La cartographie des établissements secondaires d’Enseignement Technique et de Formation Professionnelle est constituée de Lycées techniques et de centres de métiers. Selon Arsène Zocli, Directeur de la Programmation et de la Prospective (DPP) du MESTFP, « ...les centres de formation s’occupent de l’apprentissage et délivrent des diplômes comme le CQP et le CQM alors que les Lycées forment pour des diplômes professionnels comme le CAP, DUT. Au Lycée agricole, on ne fait que des filières et les métiers liés à l’agriculture ». La politique de déconcentration des services administratifs de l’éducation place les Lycées techniques et centres de métiers sous la tutelle des DDESTFP. Seulement ici, des points d’ombre persistent sur l’affectation des ressources. De façon disparate et au fil des années, les moyens financiers sont affectés aux uns et pas aux autres. En guise d’illustration et à la lecture du tableau de répartition des ressources, le Lycée technique de Pobè avait reçu une dotation de 18 millions Francs CFA en 2018. Pour cette année 2019, les lignes budgétaires affichent 00 Francs pour ce même Lycée. Et pourtant, il est bien assujetti à des difficultés énormes comme par exemple le délabrement de ses infrastructures, etc. On aurait bien souhaité avoir des clarifications sur cette incongruité, hélas, nos démarches en direction du Directeur des Affaires Financières (DAF) du Ministère n’ont pu prospérer. Beaucoup d’autres Lycées du pays se retrouvent dans les mêmes difficultés de ressources financières. De l’avis du DPP, les vides budgétaires dans le tableau signifient qu’ « à ces niveaux, il n’y a pas de nouvelles mesures pour cette année. Voilà pourquoi des montants n’ont pas été alloués. Le budget est fait par nature ; s’il y a une rubrique qui ne concerne pas un Lycée, vous verrez qu’il n’y aura pas de fond alloué.

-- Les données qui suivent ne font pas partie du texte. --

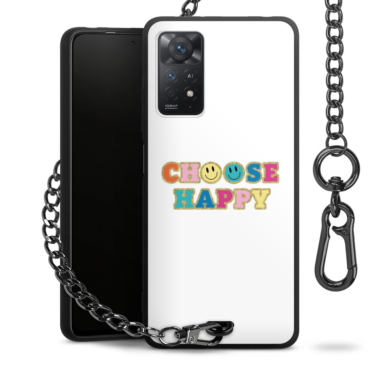Die mattschwarze Silikon-Handyhülle besteht aus robustem TPU (thermoplastisches Polyurethan). Sie ist flexibel und schützt Dein Smartphone vor Stößen und Kratzern. Die Kette sowie der Karabinerhaken sind aus Metall in Gunmetal-Optik gefertigt. Für dieses Produkt kommen ausschließlich TÜV-geprüfte Materialien zum Einsatz.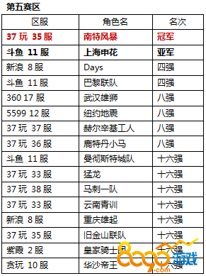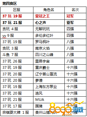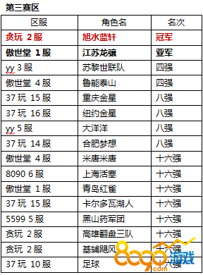 附:各赛区16强名单

Quand on prend par exemple la rubrique autres transferts courants qui a 00 Franc, cela veut dire que ce Lycée ne bénéficie pas d’autres transferts courants, mais de l’autre côté, c’est meuble acquisition pour le compte du tiers et là c’est meublé, cela veut dire qu’ils bénéficient. S’il y a un Lycée qui ne mérite pas d’une subvention, on va lui mettre 00 Franc seulement ».
En somme, ces lieux de formations pratiques vont recevoir 356 millions Francs CFA, soit une baisse de 44 millions Francs CFA par rapport à l’année 2018 ; alors que les DDESTFP brasseront 49.643.141.000 Francs CFA, soit plus de 139 fois le budget de ces établissements secondaires spécialisés.

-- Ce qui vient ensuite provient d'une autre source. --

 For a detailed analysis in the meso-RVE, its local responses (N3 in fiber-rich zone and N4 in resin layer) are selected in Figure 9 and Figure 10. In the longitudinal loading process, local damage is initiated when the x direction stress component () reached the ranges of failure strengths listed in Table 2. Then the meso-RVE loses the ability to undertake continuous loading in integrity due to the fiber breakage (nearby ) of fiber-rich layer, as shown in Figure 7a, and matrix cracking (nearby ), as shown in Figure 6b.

4.154 enseignants sur un besoin total de 17.955 à recruter pour combler le manque dans l’ESTFP

Il n’est plus un secret que le manque d’enseignants dans le sous-secteur de l’ESTFP se fait criard, de jour en jour. Des informations collectées, l’Etat central doit pouvoir recruter pour le compte de cette année 2019, au moins 8.000 enseignants pour remédier au manque observé. Du côté du ministère, on évoque un gap de près de 17.955 enseignants dont 12.117 enseignants pour le premier cycle et 5.838 pour le second cycle. Seulement, pour cette année scolaire en cours, 4.154 enseignants seront recrutés pour le compte du sous-secteur en vue de combler le vide dans les Collèges d’enseignement général et les Lycées publics. De l’avis du DPP, ce recrutement devrait être fait l’an dernier, ce qui n’a pu être le cas. « Cette année, il sera fait », a informé Educ’Action, ce cadre du ministère.